LGBTQ+の日常、垣間見ませんか?
日本でも大人気を博した『Lの世界』の続編、『Lの世界ジェネレーションQ』シーズン2がスタート。LAで暮らすLGBTQ+をフラットな視点で描いた群像劇が、前編よりもスケールアップして帰ってきた!
前編が巻き起こした大旋風
LAのクィアタウン、WeHoことウエストハリウッドを舞台にした前編。レズビアンとバイセクシュアルを中心としたLGBTQ+コミュニティの日常を描き、一大センセーションを巻き起こした。妊娠や乳がん問題、恋愛のもつれなど、女性全般の苦悩を交えて、カミングアウトや養子縁組など、同性愛者が抱えていた社会の不平等を訴えかけ、世界中のLGBTQ+コミュニティを勇気づけたことでも知られる。中心人物となるベット、アリス、シェーンらが見せる自由で自立したかっこいいライフスタイルに引き込まれ、ハマる女性が続出。とくにシェーンの人気はずば抜けていた。その人気のほどは、シェーン役のキャサリン・メーニッヒの来日時、約1000人のお出迎えファンが空港に集結したほど。
WeHoからシルバーレイクへ。そこってどういう街?
続編の舞台となるのはシルバーレイク。前編の舞台となったWeHoは、LA最大のゲイタウンとして古くから愛されてきた街で、今ではLGBTQ+コミュニティの世界的中心街としても知られている。WeHoはもちろん今でもクィアタウンだが、そこから車で30分ほどの場所にあるシルバーレイクはその次をいくエリアとして注目されている。シルバーレイクは、もともとは静かな高級住宅街。00年代ごろ、WeHoは治安はいいが地価が高く、住民も比較的若かったことから、そこに暮らす年齢層高めのゲイがシルバーレイクに移住しはじめたことで、落ち着いた暮らしを求めるLGBTQ+の人々が注目しはじめ、この10年ほどでWeHoに次ぐクィアタウンに成長。前編に続き、旬の街を舞台にしているということになる。
前編から驚きの成長をしたメインキャラ
前編では美術館のディレクターや大学を出たばかりの作家、美容師など、市井の人々が主人公だったメインキャラの面々。
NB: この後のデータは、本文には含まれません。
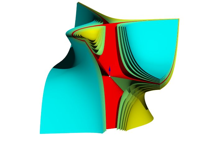 is stationary at the origin, i.e., its gradient at the origin is the zero vector. The image depicts several isosurfaces of F near the origin.
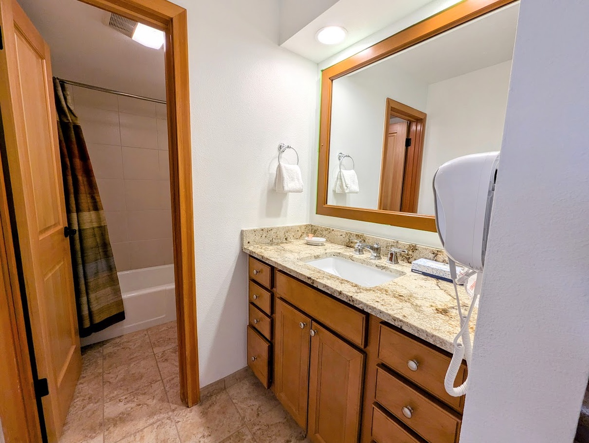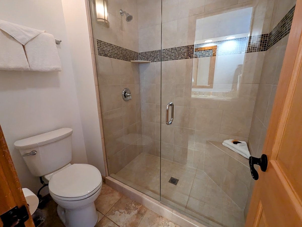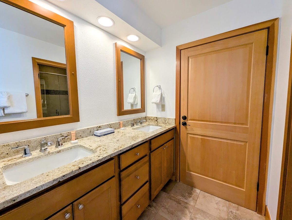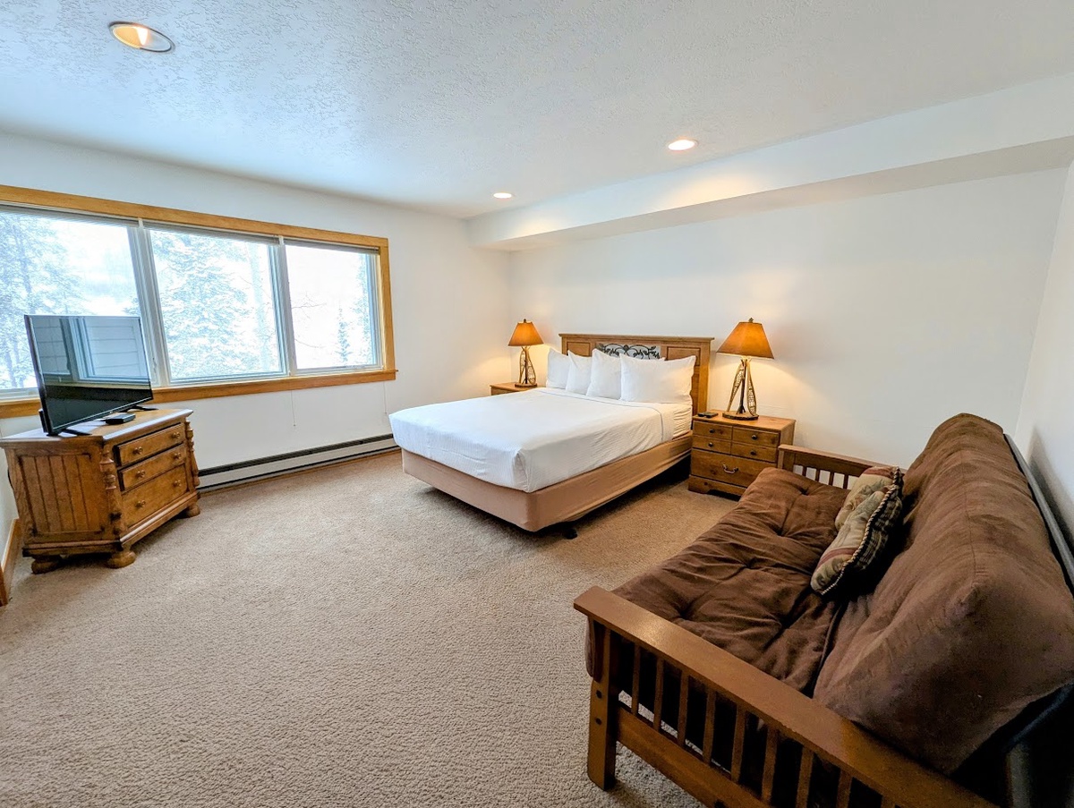 The ensuite loft bedroom is spacious and cozy, designed to ensure a restful night's sleep. The downstairs guests bedroom is also a large bedroom with natural light. Plush bedding, ample storage, and mountain-inspired decor create a peaceful retreat for every guest. The two large bathrooms feature modern fixtures and plenty of space to unwind and refresh.

続編はその10年後という設定だが、彼女らは順調にキャリアを積んで大出世。市長選に出馬したベットとTVの人気パーソナリティとなったアリス、美容院のオーナーになったシェーンは、セクシュアリティを公表したうえで成功を収めており、それぞれに若者の憧れの対象となっている。それとともに、社会的責任を持った存在となったことで、LGBTQ+コミュニティのリーダーとは何か、という苦悩や新たな葛藤を描いているのがポイント。いわば、市井の人々からハイソなセレブとなった彼女らの生活を軸にして、さまざまなライフスタイルを見せることに成功している。
セレブだけじゃなく、若者のライフスタイルも
メインキャラはベットたちだけではない。『~ジェネレーションQ』最大の特色は、彼女たちを取り巻くLGBTQ+の若者たちだ。アリスのアシスタントを務めているソフィーと、その恋人で父親の経営する会社で役職を持つダニ、彼女らの同居人でトランスジェンダーのマイカ、定住せずに人の家を泊まり歩きながらショービズの世界で下働きするフィンリーなど、ベットたちのフォロワーともいうべき若い世代が抱える、今のLGBTQ+ユースの問題を描いている。とくに注目してもらいたいのはトランスジェンダーのマイカ。トランスマンの俳優レオ・シェンがキャスティングされており、表現のリアルさには驚かされるばかり。昨今話題になっているトランスジェンダー俳優の積極的起用にも貢献していることにも注目が集まる。